We initially developed 11 survey items pertaining to COVID-19–related internet use. Respondents were asked to indicate the extent to which they used the internet for various activities in the past month using a 5-point scale (“not” to “multiple times a day”) as an ordinal-level measure. Principal component analysis with varimax rotation was used to determine two underlying usage clusters, one related to information and one to communication. Factor loadings were employed at 0.4 and above for each item [33]. In total, 8 items (3 for information and 5 for communication) were retained in a two-factor structure with eigenvalues over 1.0, together accounting for 76% of the total variance.

For COVID-19-related information and communication internet outcomes, we developed 14 items mapped onto the use items. A 5-point agreement scale as an ordinal level measure was used. Principal component analysis with varimax rotation resulted in a structure that matched the conceptual definition of information outcomes (4 items) and communication outcomes (4 items). The two factors showed eigenvalues over 1.0 and explained 65% of the variance.

Gender was included as a dichotomous variable, and age was directly asked (mean 50.2, SD 17.0).

Personality was measured with the Quick Big Five personality questionnaire [34], which consists of 30 adjectives reflecting a valid and reliable measure of the Big Five traits. Participants were asked to rate the extent to which a particular adjective applied to them on a 7-point scale, ranging from completely untrue to completely true. The Cronbach α values for the five traits were .89 for agreeableness, .88 for neuroticism, .88 for conscientiousness, .87 for introversion, and .81 for openness.

Physical health, mental health, and health perception were measured with the Dutch version of the Medical Outcomes Study (MOS) Short-Form General Health Survey (SF-20) [35]. This instrument enables respondents to assess their general health and generates composite summary scores representing different types of health. We normalized the scales, with higher scores representing better functioning. Physical health was measured with 5 items (2-point scale; α=.89; mean 1.75, SD 0.34), mental health with 5 items (5-point scale; α=.85; mean 3.65, SD 0.77), and health perception with 5 items (5-point scale; α=.86; mean 3.39, SD 0.85).
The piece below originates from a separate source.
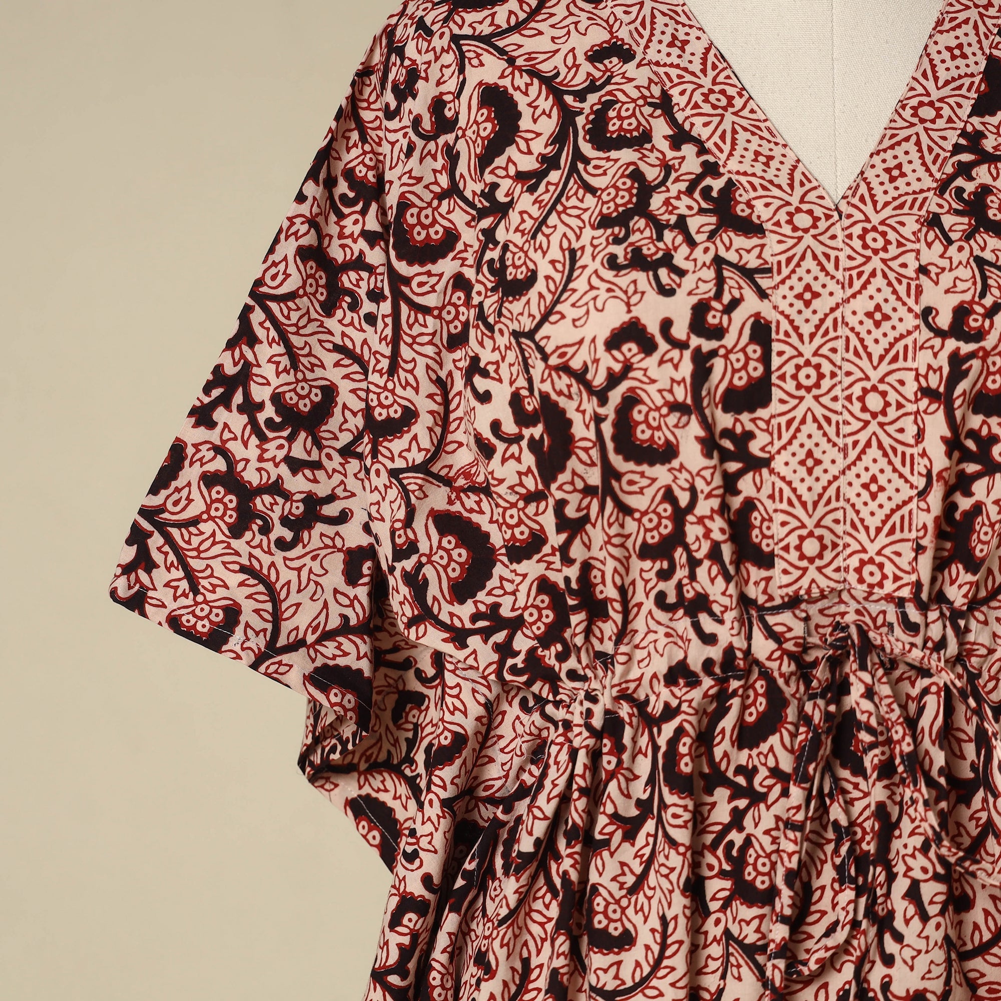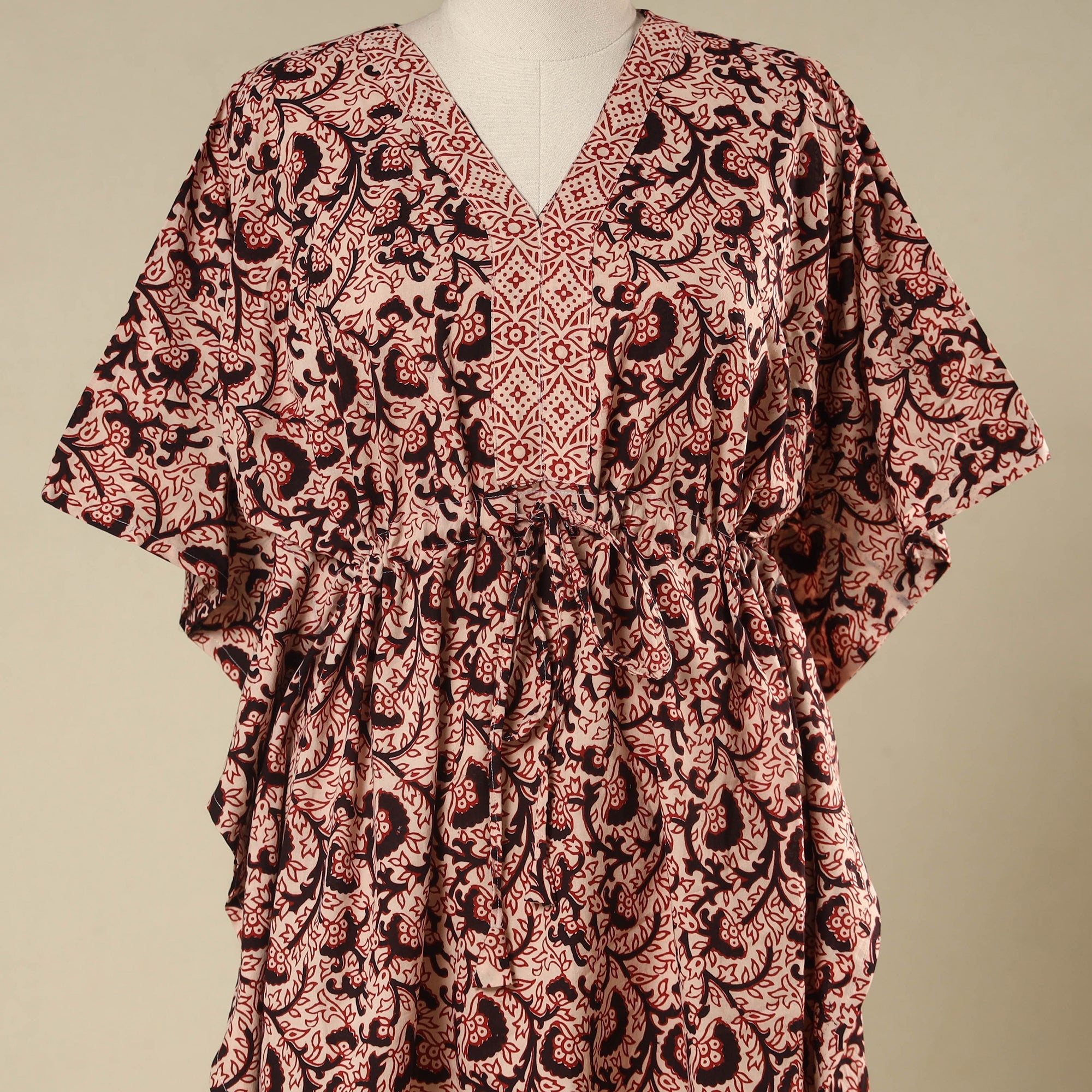 Beige - Block Print Cotton Bagh Kaftan with Tie-Up Waist (Medium) 25

To measure traditional literacy, we used the validated 11-item Diagnostic Illiteracy Scale [36]. Sample items included “I have difficulties with reading and understanding information from my municipality” and “I find it difficult to read and understand my telephone bill.” A 5-point agreement scale was used. Scores on the scale exhibited high internal consistency. Items were recoded so that higher scores corresponded with higher levels of literacy (α=.94; mean 4.33, SD 0.71).

To assess education, data regarding degrees earned were collected and used to create three groups: low (primary), middle (secondary), and high (tertiary) educational achievement.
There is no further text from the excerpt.